**EXERCISE:** Only the pictures are to be left out; please reproduce everything else in the data exactly.

BEGIN

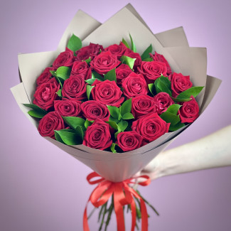 Букет из 25 красных роз 60 см с зеленью расскажет о ваших чувствах лучше любых слов. Если вы хотите сделать сюрприз для любимой или признаться в своих чувствах, заказывайте цветы в нашем магазине. В стандартный состав композиции входят 25 роз с длиной стебля 60 см и пучок зеленого сочного салала, который подчеркивает красоту страстных ярко-красных бутонов. Есть вариация делюкс, в составе которой 35 роз. Растения свежие, ароматные, с хорошей стойкостью, высокого качества. Гарантия действует в течение 5 дней.
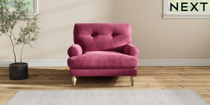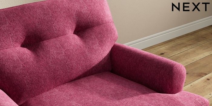 7.2.10 Erin Buttoned Back Deep Relaxed Sit Armchair Cotswold Chenille Dark Raspberry Pink High Classic Turned - Light | Made Click here to use our website with more accessibility support, for example screen readers
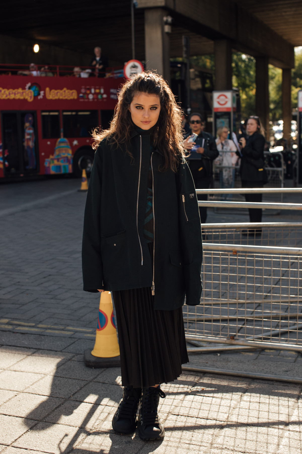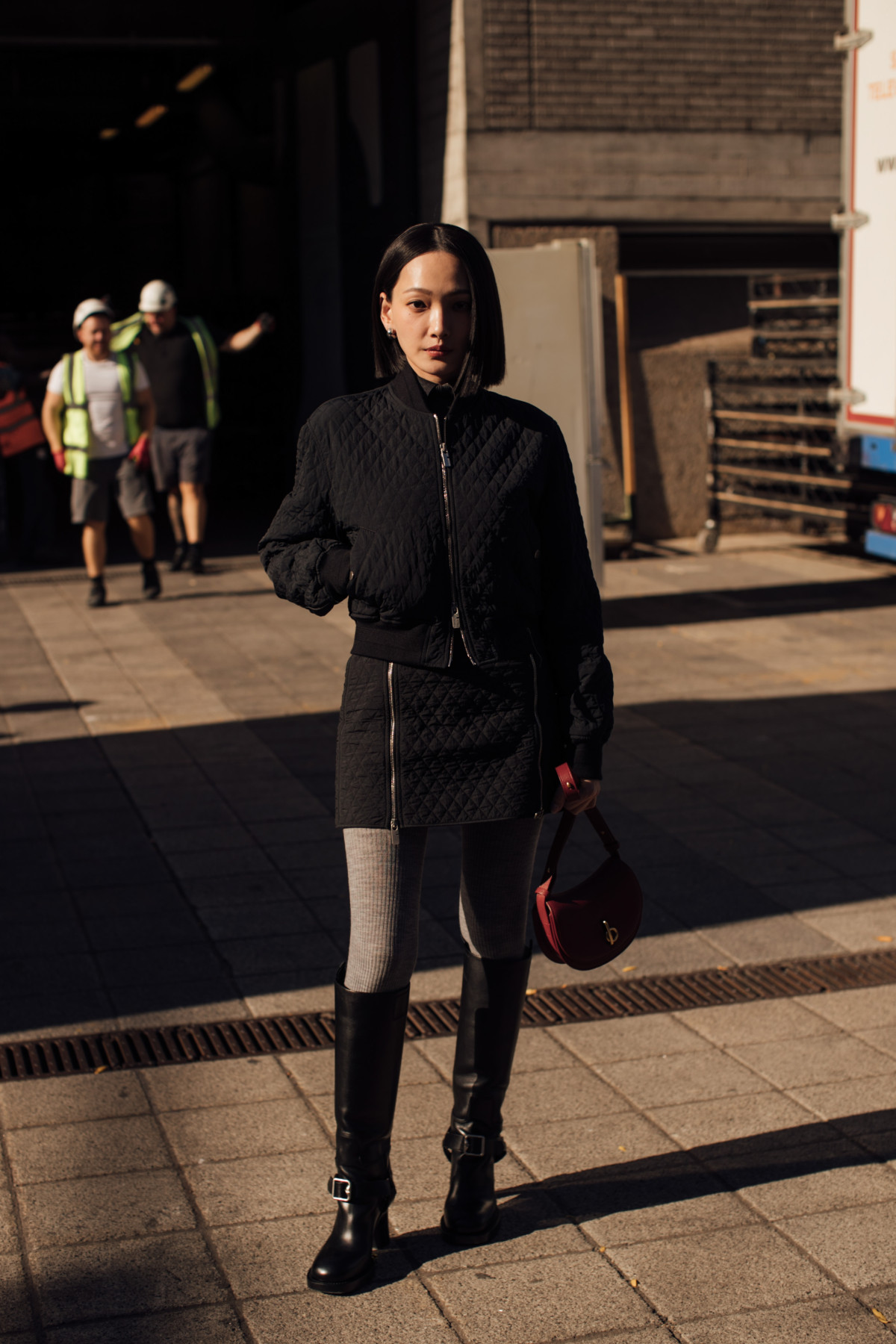 Серед верхнього одягу, що став фаворитом дівчат у прохолодну пору, — пальта максідовжини з кишенями, вінтажні шкіряні куртки, подовжені бомбери та блейзери в естетиці officecore. Їх streetstyle-зірки доповнювали елегантними брючними костюмами, плісированими спідницями та напівпрозорими мереживними сукнями. Акценти стилізацій переважно відображалися в аксесуарах — картатих беретах, високих рукавичках, сонцезахисних окулярах, ременях із металевими пряжками та прикрасах. З фактур модниці найчастіше обирали шкіру та денім.
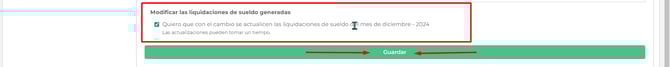 - Si las liquidaciones de sueldo del mes están creadas, debe guardadas los cambios, haz clic en el cuadro donde se visualiza el mensaje "Quiero que con le cambio se modifiquen las liquidaciones del sueldo" como te mostramos en la imagen y guarda.
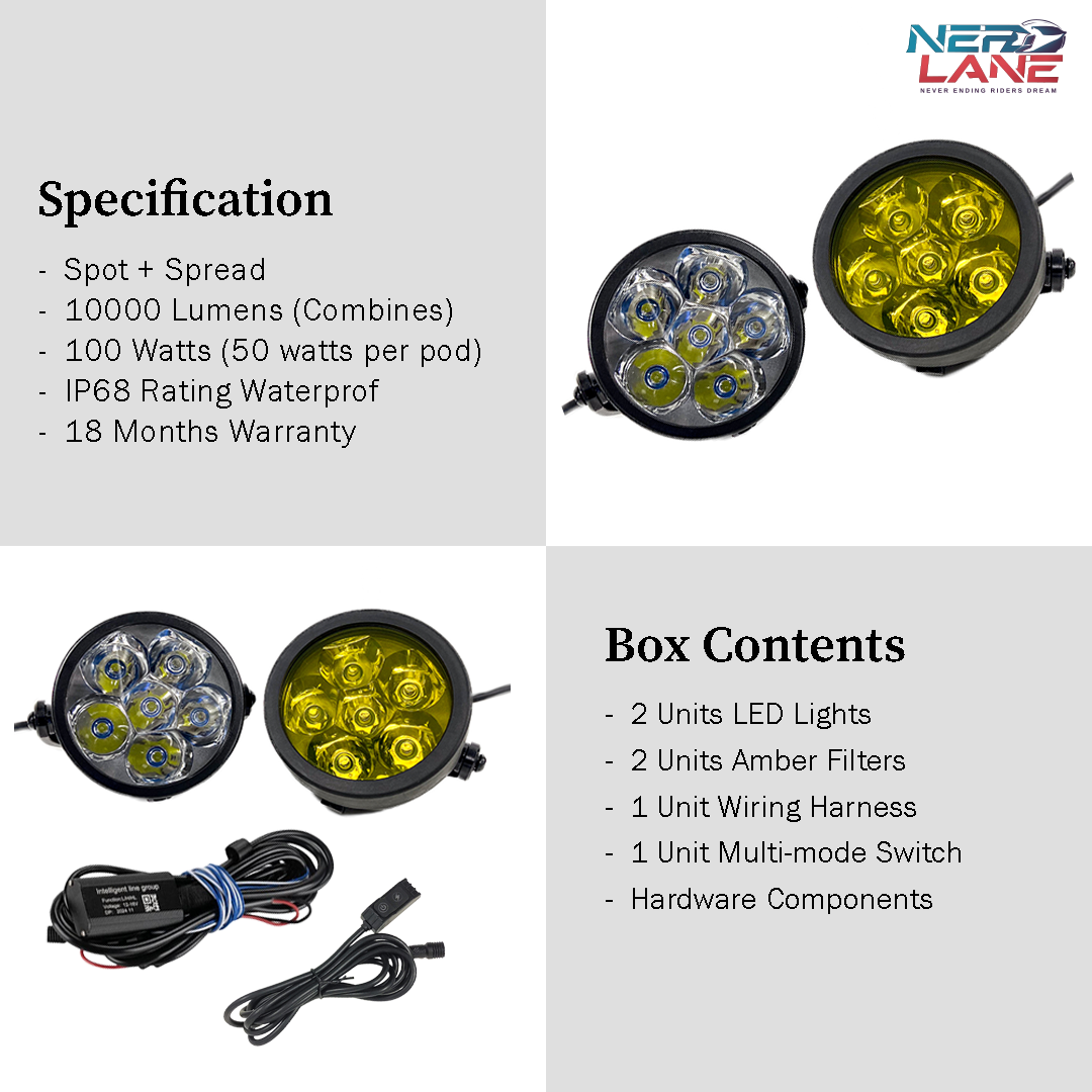 Delivering a staggering 10,000 lumens of combined brightness and 100W output, these lights provide exceptional visibility in all riding conditions.
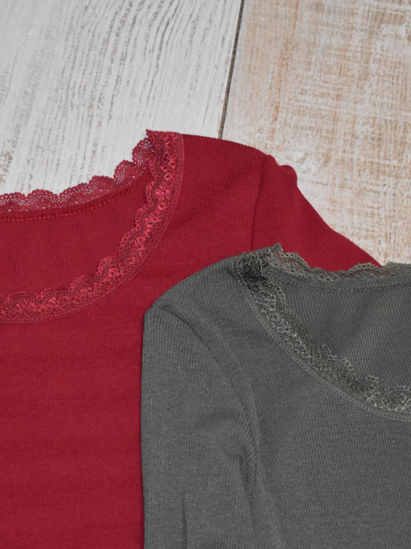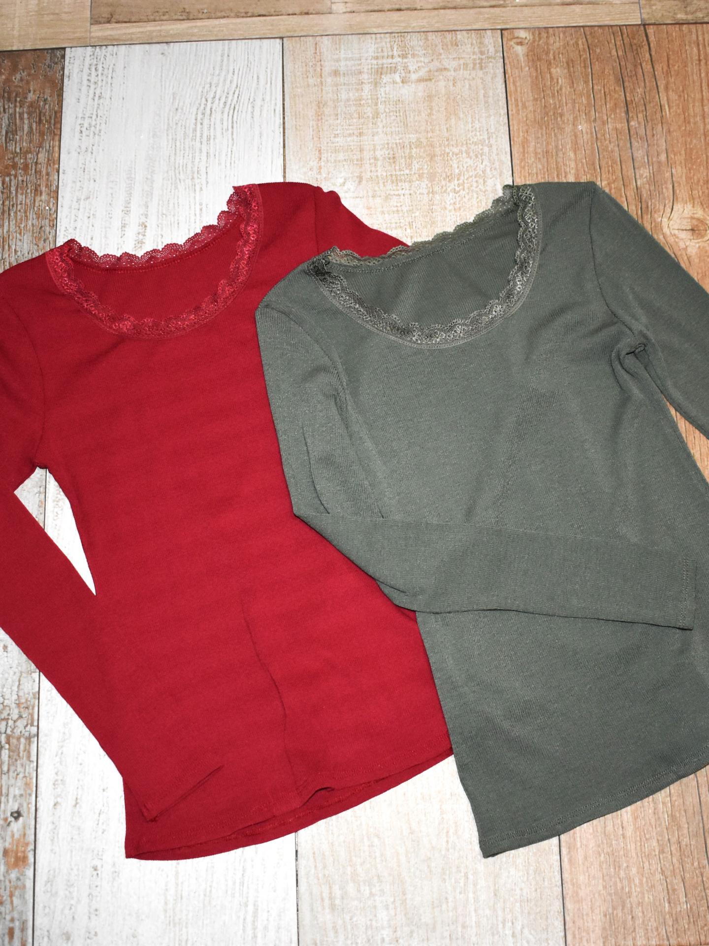 La camiseta que combina comodidad y feminidad. Manga larga, elástica y con un delicado detalle de encaje en el escote. Disponible en verde, rojo, granate y negro.
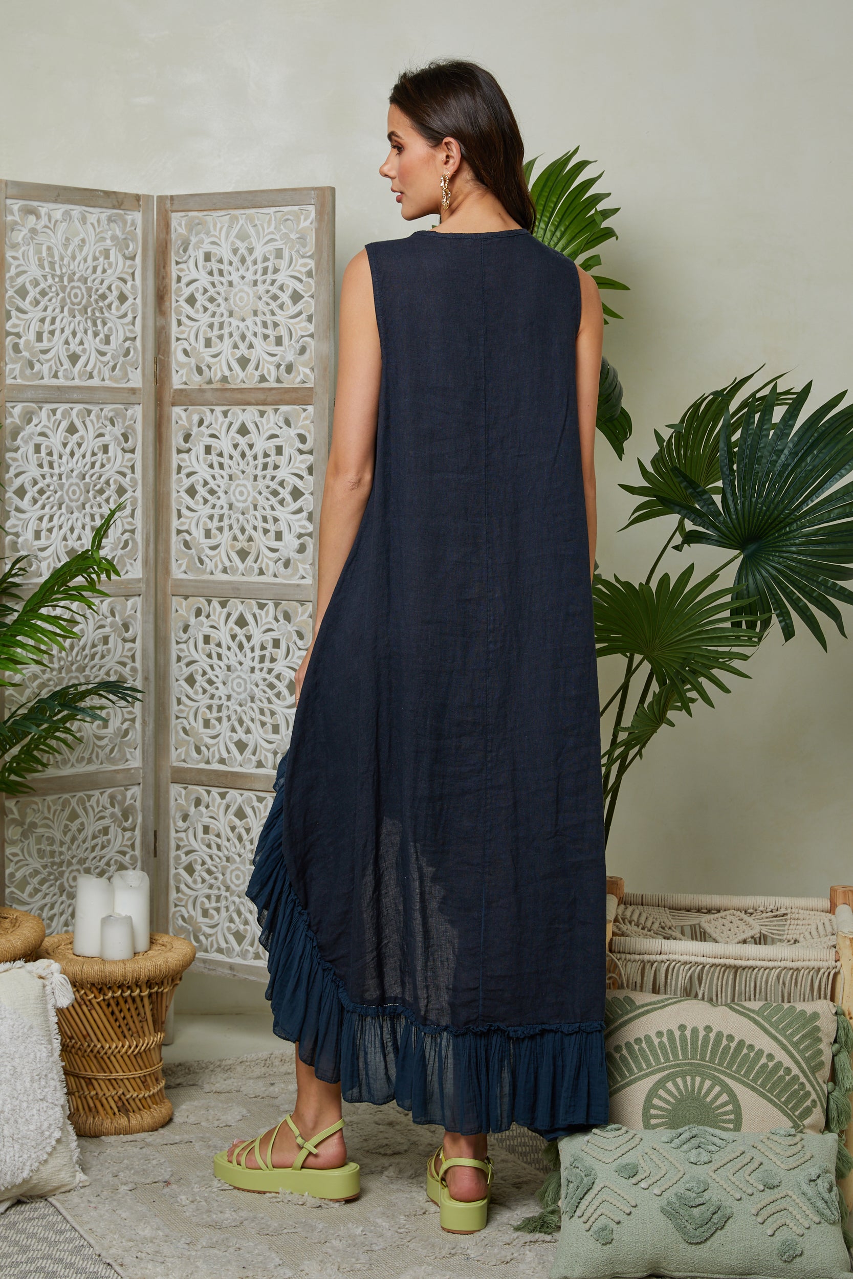 Robe longue sans manches avec un detail volant en bas

END

**TASK RESULT:**
 Букет из 25 красных роз 60 см с зеленью расскажет о ваших чувствах лучше любых слов. Если вы хотите сделать сюрприз для любимой или признаться в своих чувствах, заказывайте цветы в нашем магазине. В стандартный состав композиции входят 25 роз с длиной стебля 60 см и пучок зеленого сочного салала, который подчеркивает красоту страстных ярко-красных бутонов. Есть вариация делюкс, в составе которой 35 роз. Растения свежие, ароматные, с хорошей стойкостью, высокого качества. Гарантия действует в течение 5 дней.
 7.2.10 Erin Buttoned Back Deep Relaxed Sit Armchair Cotswold Chenille Dark Raspberry Pink High Classic Turned - Light | Made Click here to use our website with more accessibility support, for example screen readers
 Серед верхнього одягу, що став фаворитом дівчат у прохолодну пору, — пальта максідовжини з кишенями, вінтажні шкіряні куртки, подовжені бомбери та блейзери в естетиці officecore. Їх streetstyle-зірки доповнювали елегантними брючними костюмами, плісированими спідницями та напівпрозорими мереживними сукнями. Акценти стилізацій переважно відображалися в аксесуарах — картатих беретах, високих рукавичках, сонцезахисних окулярах, ременях із металевими пряжками та прикрасах. З фактур модниці найчастіше обирали шкіру та денім.
 - Si las liquidaciones de sueldo del mes están creadas, debe guardadas los cambios, haz clic en el cuadro donde se visualiza el mensaje "Quiero que con le cambio se modifiquen las liquidaciones del sueldo" como te mostramos en la imagen y guarda.
 Delivering a staggering 10,000 lumens of combined brightness and 100W output, these lights provide exceptional visibility in all riding conditions.
 La camiseta que combina comodidad y feminidad. Manga larga, elástica y con un delicado detalle de encaje en el escote. Disponible en verde, rojo, granate y negro.
 Robe longue sans manches avec un detail volant en bas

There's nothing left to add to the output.